The customized sorted search of example 4-
Client/hospital/company wishes to formalize the conventional use of search pattern that they are considered suitable for inquiry.Figure 14 The search is shown to export the example of genes of individuals group.Destroy what candidate made a variation for the diagnosis of major disease, or for special Identification, top human inheritance scholar suggest according to following standard queries genome, as shown in figure 14:
1. for given genes of individuals group file (" VCF ").
2. in one group of fixed gene (for example, when screening Mendel's illness and carrier's state, 220 top doctors Important and operable gene on).
3. with the presence or absence of can cause serious harm to protein any variation 1402 (so-called " function forfeitures " variation, LOF)? identified LOF type is that donor splicing site and acceptor site variation, too early protein stop (nonsense mutation) and causes to compile Code cannot lead to the frameshit of incorrect protein coding.
4. with the presence or absence of missense (amino acid change) variation 1404?
5. with the presence or absence of the forecasting consequence (" destructiveness ") 1406 as calculated using special algorithm?
6. inquiry will include the following term that can be described as " medical treatment ".

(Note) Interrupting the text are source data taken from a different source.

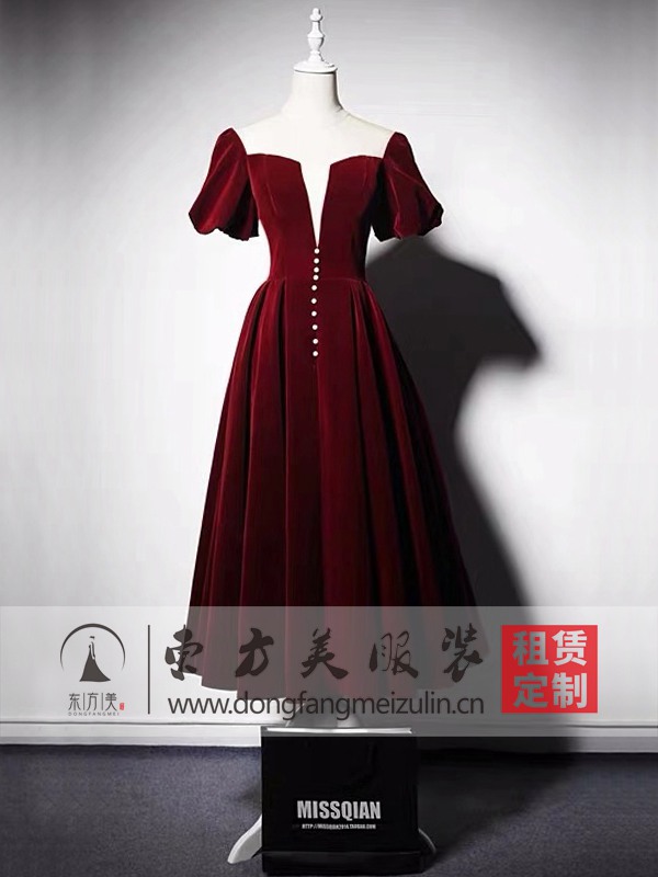 酒红色泡泡袖丝绒中长款年会 晚宴 走秀礼服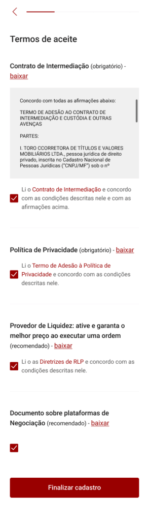 A Toro conta com um aplicativo disponível para Android e iOS. Por meio dele, é possível fazer a abertura de conta assim como no site.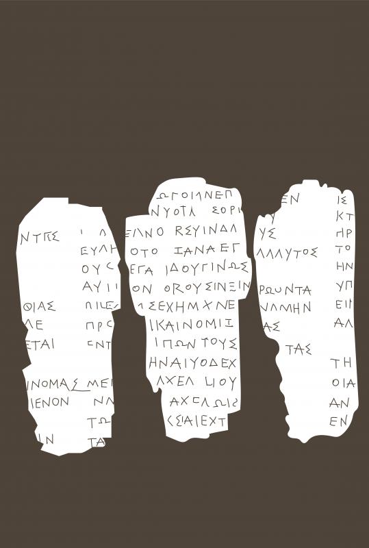 To exit, leave the Derveni Κrater behind you, go left and then right around the glass dividing panels, following the path of the exhibition. After the second turn on the right you come across a table-like display. In front of is the Derveni Papyrus.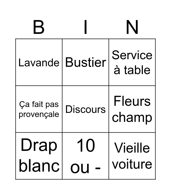 This bingo card has a free space and 8 words: Fleurs champ, Service à table, Bustier, Drap blanc, Lavande, Vieille voiture, Ça fait pas provençale and 10 ou -.

Example 5- individual is inquired to determine the relevant variation of medicine
Medical supplier/individual is wished for their genome/patient genome of the relevant variation inquiry of medicine.Figure 15A shows the example output of the search to genes of individuals group.Individual/medical supplier will such as "@me " or@[patient number Code] " etc inquiry key in search column 1501.Search returns to fundamental statistics 1502, for example, falling into the change in specified value Heteromerism amount is heterozygosis or homozygous number.Search also returns to specific ranking results 1503a-1503f.In Figure 15 B, often A result may include additional information 1504, such as the gene frequency in the variation inquired is (small in this case In 0.1%), (introne, is opened exon with the type (such as missense, nonsense, frameshit) of mutation and/or genome functions element Mover, 5'UTR or 3'UTR).User can be shown to clickthrough 1505 and determined the graphical representation of individual in population (including Through all individuals for uploading genomic data).The output is exemplified in Figure 16.If available also show 1506 He of Gene Name RS number 1507.Additionally, it is provided the information about exact genomic coordinates, accurate replacement or insertion and deletion, and user can To click the link 1509 for allowing to visualize gene in the background of genome, it is visual that user can be taken to external gene group by this Change device, such as UCSC genome browser.User can also click with the hyperlink deeper into information about genetic mutation 1510.In certain embodiments, this connects the user to external data base, such as the various NCBI comprising the information about gene Database.In addition, doctor or individual can inquire variation to check in the individual for recording its variation in genome database and be No presence is associated with phenotypic character, as shown in figure 17.The source of genes of individuals group data can be from sequencing facility it is direct on Database is passed to, or can be uploaded manually by entrance, as shown in figure 18.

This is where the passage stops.